From UPSC perspective, the following things are important :

Prelims level: Highlights of the bill

Mains level: MTP: Ethical and health issues surrounding it

The Union Cabinet has approved the Medical Termination of Pregnancy (Amendment) Bill, 2020 to amend the Medical Termination of Pregnancy Act, 1971.

About the Bill

  • The Medical Termination of Pregnancy (Amendment) Bill, 2020 is for expanding access of women to safe and legal abortion services on therapeutic, eugenic, humanitarian or social grounds.
  • It aims to increase upper gestation limit for termination of pregnancy under certain conditions and to strengthen access to comprehensive abortion care, under strict conditions, without compromising service and quality of safe abortion.
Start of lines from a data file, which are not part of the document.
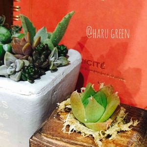 こんにちは🎶 茨城県笠間市『kinomi』 イベント風景です。 ウッドキューブには 60mm角と38mm角の 2週類あります□ 写真左の クラッスラ属『若緑』は 制作して2年間以上経ちました🌳 若緑は『芳香の強い黄色い花』を 開花させます。 何か香るなーって感じたら😁 若緑です(笑) 『みどりのまとめ』も 見てもらえたら嬉しいです🌵
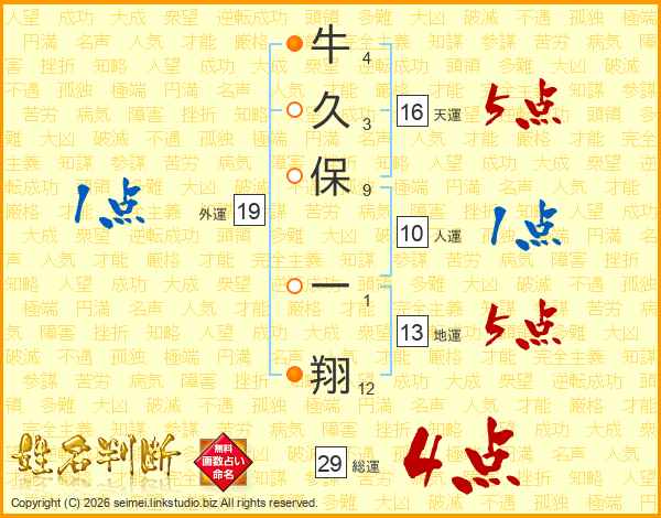 牛(4画)久(3画)保(9画) 一(1画)翔(12画)
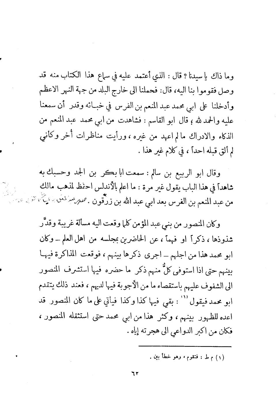 وكان المنصور من بني عبد المؤمن كلما وقعت إليه مسألة غريبة وقدر شذوذها، ذكراً أو فهماً، عن الحاضرين بمجلسه من أهل العلم - وكان أبو محمد هذا من أجلهم - أجرى ذكرها بينهم، فوقعت المذاكرة فيها بينهم حتى إذا استوفى كل منهم ذكر ما حضره فيها استشرف المنصور إلى الشفوف عليهم باستقصاء ما من الأجوبة فيها لديهم، فعند ذلك يتقدم أو محمد فيقول (1) : بقي فيها كذا وكذا فيأتي على ما كان المنصور قد أعده للظهور بينهم، وكثر هذا من أبي محمد حتى استثقله المنصور، فكان من أكبر الدواعي إلى هجرته إياه.
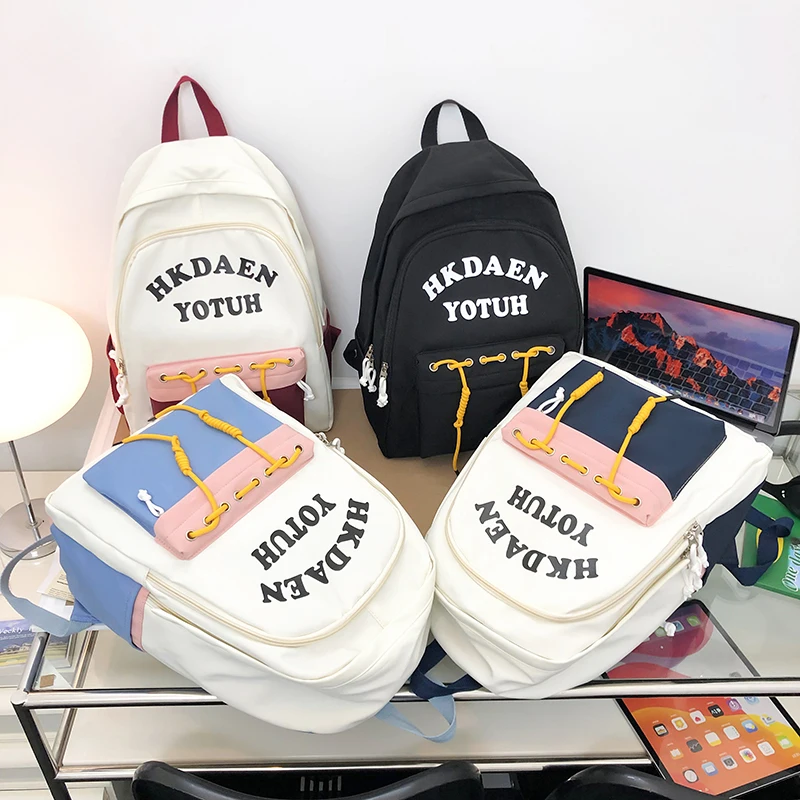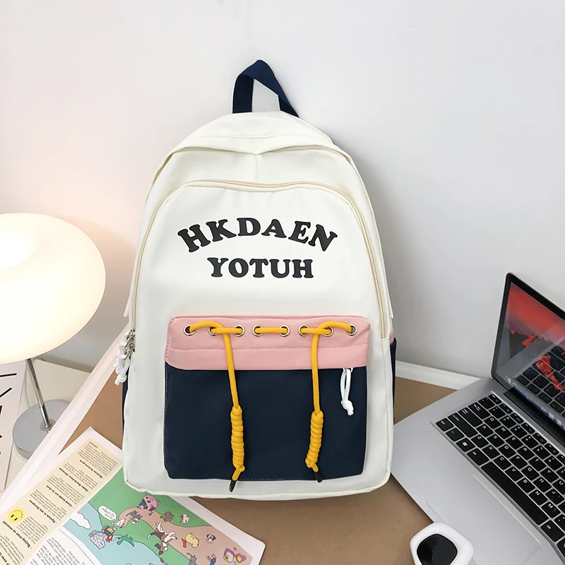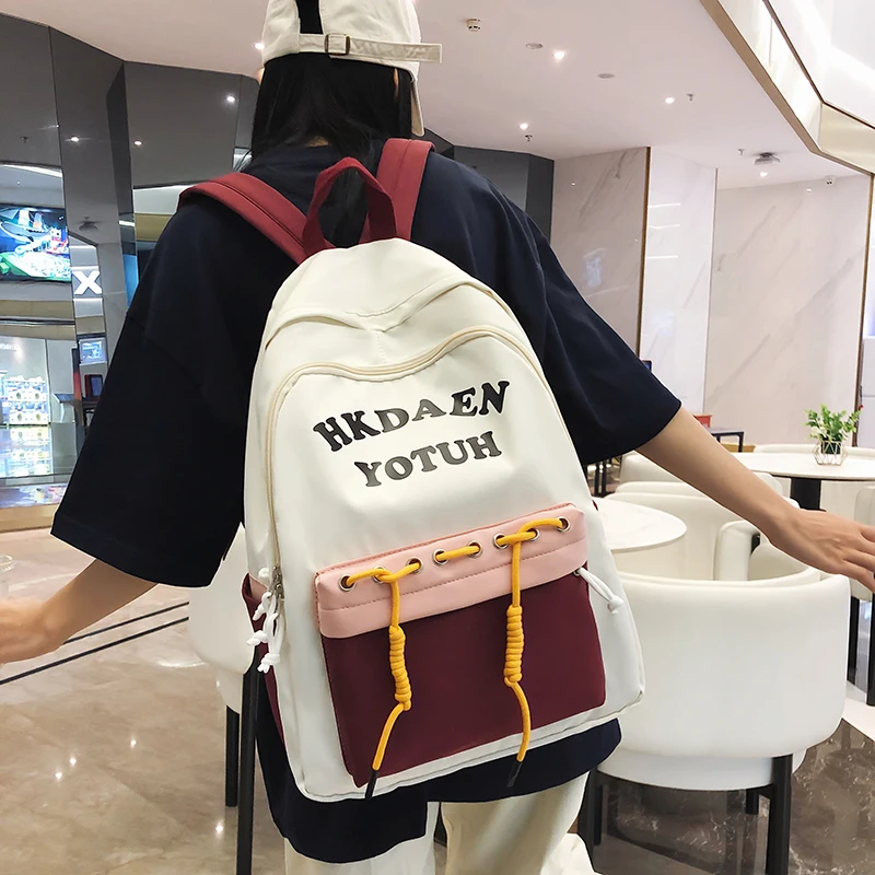 RgJdBywcVYHere you can buy School Bag Female Korean Version Student Junior High School Student Hit Color Backpack Cute Large Capacity Backpack with free delivery to your post office.
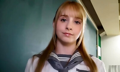 Pretty 18yearold redheaded cutie, Ashlyn Rae, wearing a conservative students uniform, shortly has
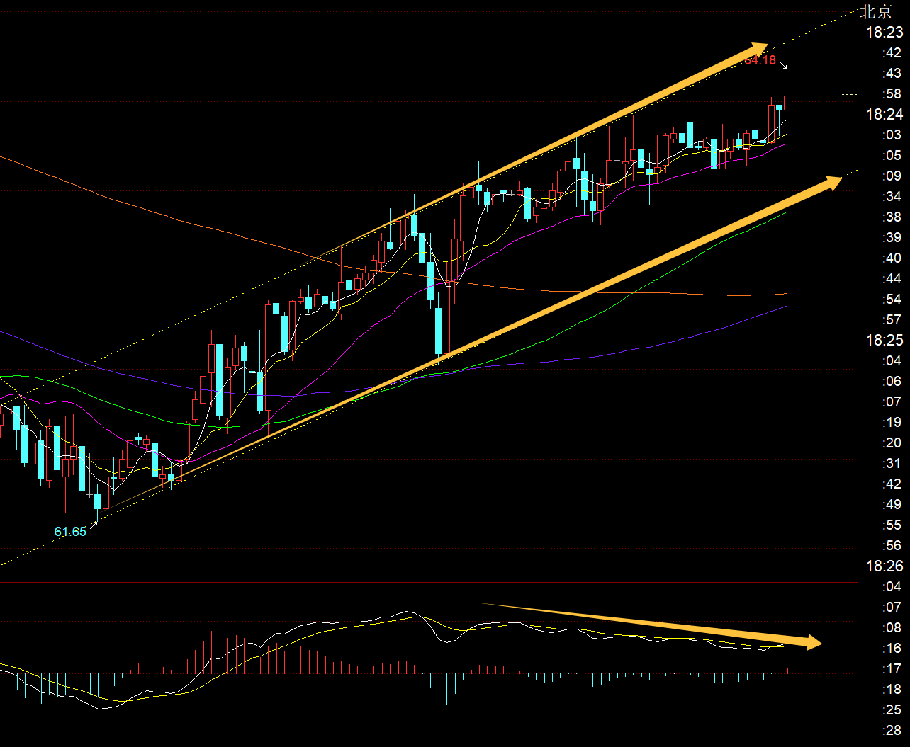 原油方面:这几日慢悠悠的震荡一路上行,日线站上10均线,短期是是处于一波反弹中,也可能是之前反复提及的超跌反弹;只是小时线级别,macd长时间的顶背离,还是会有所担心冲高回落一波,都不太好出手,稳妥就是等修复macd至零轴之下,再去介入企稳反弹,支撑63一线;

Salient features of proposed amendments:

  • Proposing requirement for opinion of one provider for termination of pregnancy, up to 20 weeks of gestation and introducing the requirement of opinion of two providers for termination of pregnancy of 20-24 weeks of gestation.
  • Enhancing the upper gestation limit from 20 to 24 weeks for special categories of women which will be defined in the amendments to the MTP Rules and would include ‘vulnerable women including survivors of rape, victims of incest and other vulnerable women (like differently-abled women, Minors) etc.
  • Upper gestation limit not to apply in cases of substantial foetal abnormalities diagnosed by Medical Board. The composition, functions and other details of Medical Board to be prescribed subsequently in Rules under the Act.
  • Anonymity of the person: Name and other particulars of a woman whose pregnancy has been terminated shall not be revealed except to a person authorised in any law for the time being in force.


  • It is a step towards safety and well-being of the women and many women will be benefitted by this.
  • Recently several petitions were received by the Courts seeking permission for aborting pregnancies at a gestational age beyond the present permissible limit on grounds of foetal abnormalities or pregnancies due to sexual violence faced by women.
  • The proposed increase in gestational age will ensure dignity, autonomy, confidentiality and justice for women who need to terminate pregnancy.